Look in the material below for the line holding "26. 数学活动课上,张老师". Set it down exactly, with each later line up to and including the line holding "撮影時の背景やラッピング、製作など、アイデア次第で用途様々お使いいただけます。布タイプもございます。 | |".

● Available data:

--------------------------------------------------

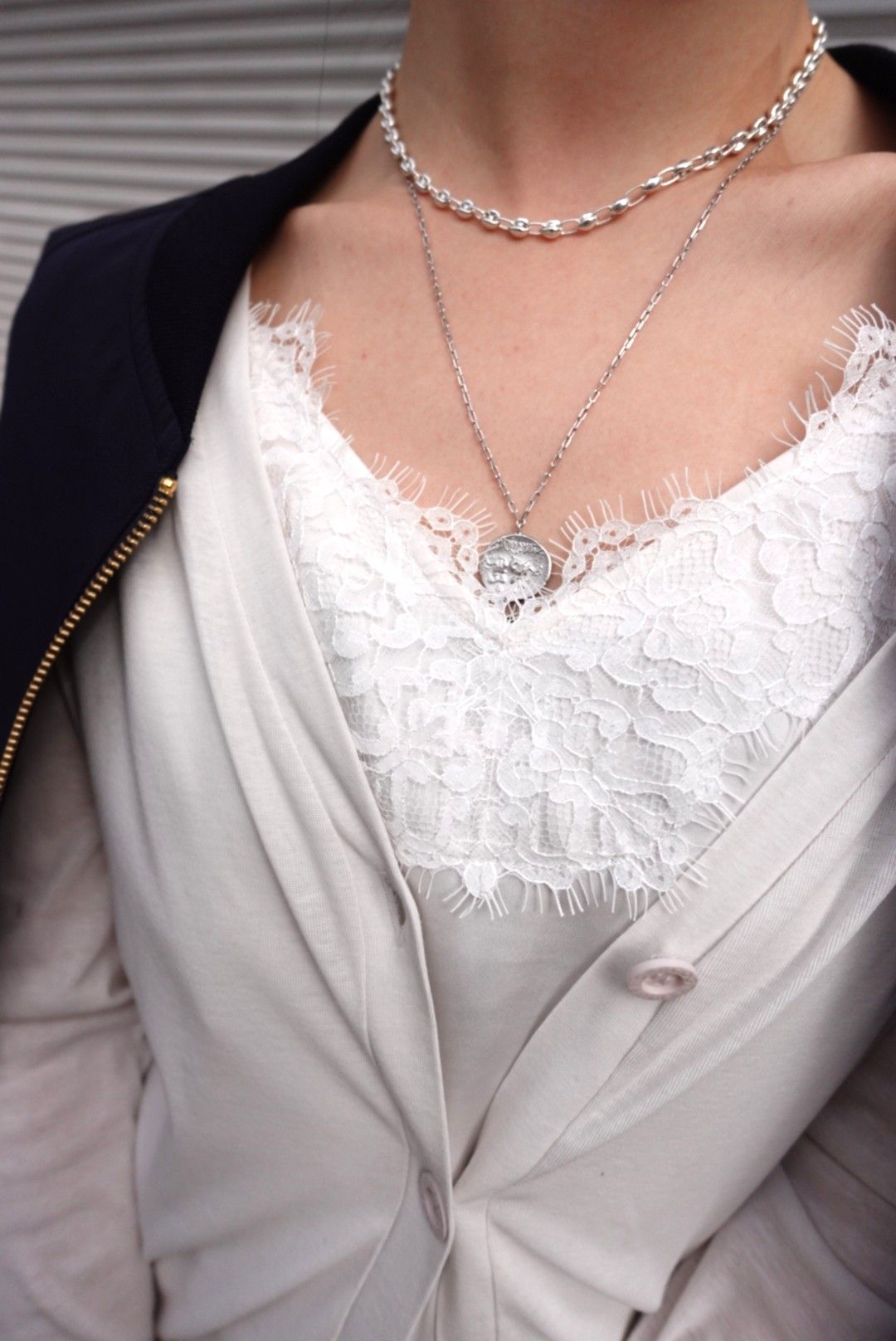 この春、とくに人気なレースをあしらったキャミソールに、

--------------------------------------------------

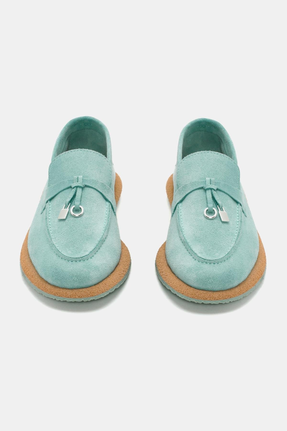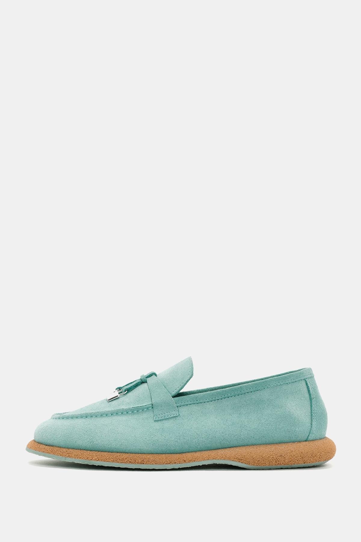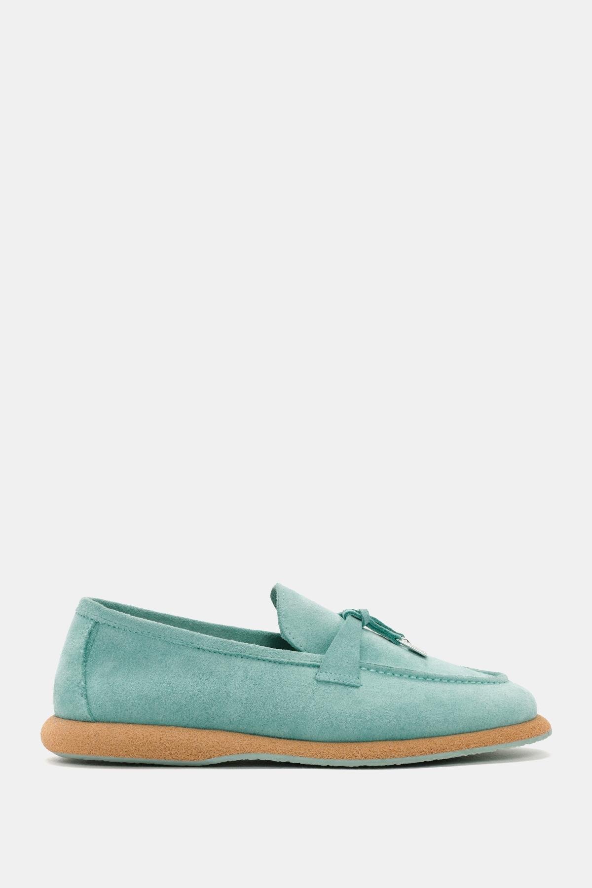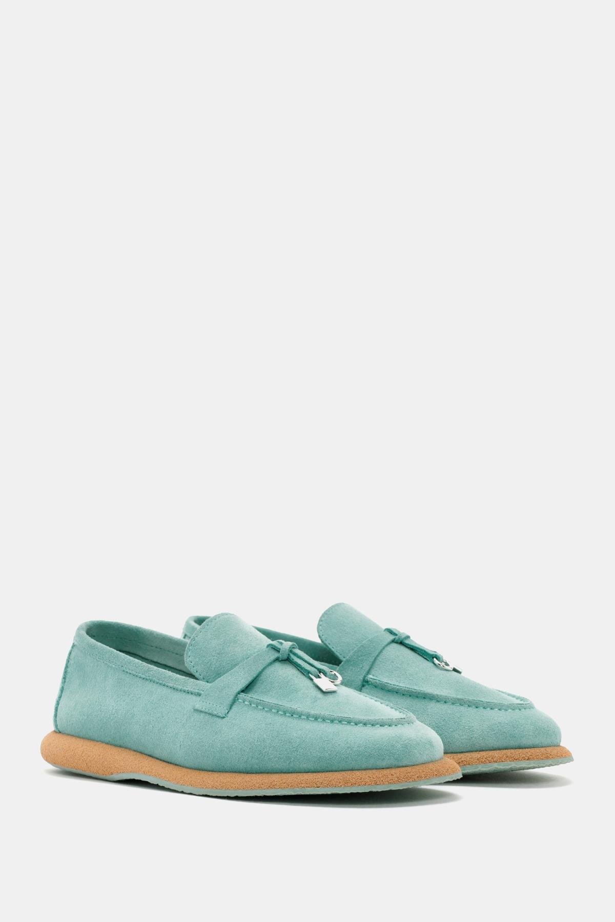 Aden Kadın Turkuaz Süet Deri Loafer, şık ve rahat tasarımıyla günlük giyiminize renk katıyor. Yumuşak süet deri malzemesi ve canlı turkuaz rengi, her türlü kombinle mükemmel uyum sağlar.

--------------------------------------------------

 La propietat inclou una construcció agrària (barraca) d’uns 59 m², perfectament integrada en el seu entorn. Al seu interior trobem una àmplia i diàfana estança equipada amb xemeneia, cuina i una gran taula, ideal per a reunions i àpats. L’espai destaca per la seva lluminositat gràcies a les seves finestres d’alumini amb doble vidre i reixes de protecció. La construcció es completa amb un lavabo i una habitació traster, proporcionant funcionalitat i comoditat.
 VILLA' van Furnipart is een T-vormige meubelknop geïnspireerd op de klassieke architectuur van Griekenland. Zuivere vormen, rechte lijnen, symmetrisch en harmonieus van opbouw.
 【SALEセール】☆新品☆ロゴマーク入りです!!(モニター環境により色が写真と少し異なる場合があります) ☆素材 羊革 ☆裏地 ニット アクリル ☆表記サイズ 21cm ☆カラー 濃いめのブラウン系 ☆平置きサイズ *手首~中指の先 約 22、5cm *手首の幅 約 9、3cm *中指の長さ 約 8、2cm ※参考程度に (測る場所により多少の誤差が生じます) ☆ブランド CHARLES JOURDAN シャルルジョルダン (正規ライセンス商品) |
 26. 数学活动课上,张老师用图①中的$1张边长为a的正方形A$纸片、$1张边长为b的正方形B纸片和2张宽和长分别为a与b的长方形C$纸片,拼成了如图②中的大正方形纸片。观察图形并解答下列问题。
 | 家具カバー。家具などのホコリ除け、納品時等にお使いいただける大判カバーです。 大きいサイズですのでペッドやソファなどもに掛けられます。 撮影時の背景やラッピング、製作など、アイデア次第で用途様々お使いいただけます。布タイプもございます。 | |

--------------------------------------------------

● Result for this task:
 26. 数学活动课上,张老师用图①中的$1张边长为a的正方形A$纸片、$1张边长为b的正方形B纸片和2张宽和长分别为a与b的长方形C$纸片,拼成了如图②中的大正方形纸片。观察图形并解答下列问题。
 | 家具カバー。家具などのホコリ除け、納品時等にお使いいただける大判カバーです。 大きいサイズですのでペッドやソファなどもに掛けられます。 撮影時の背景やラッピング、製作など、アイデア次第で用途様々お使いいただけます。布タイプもございます。 | |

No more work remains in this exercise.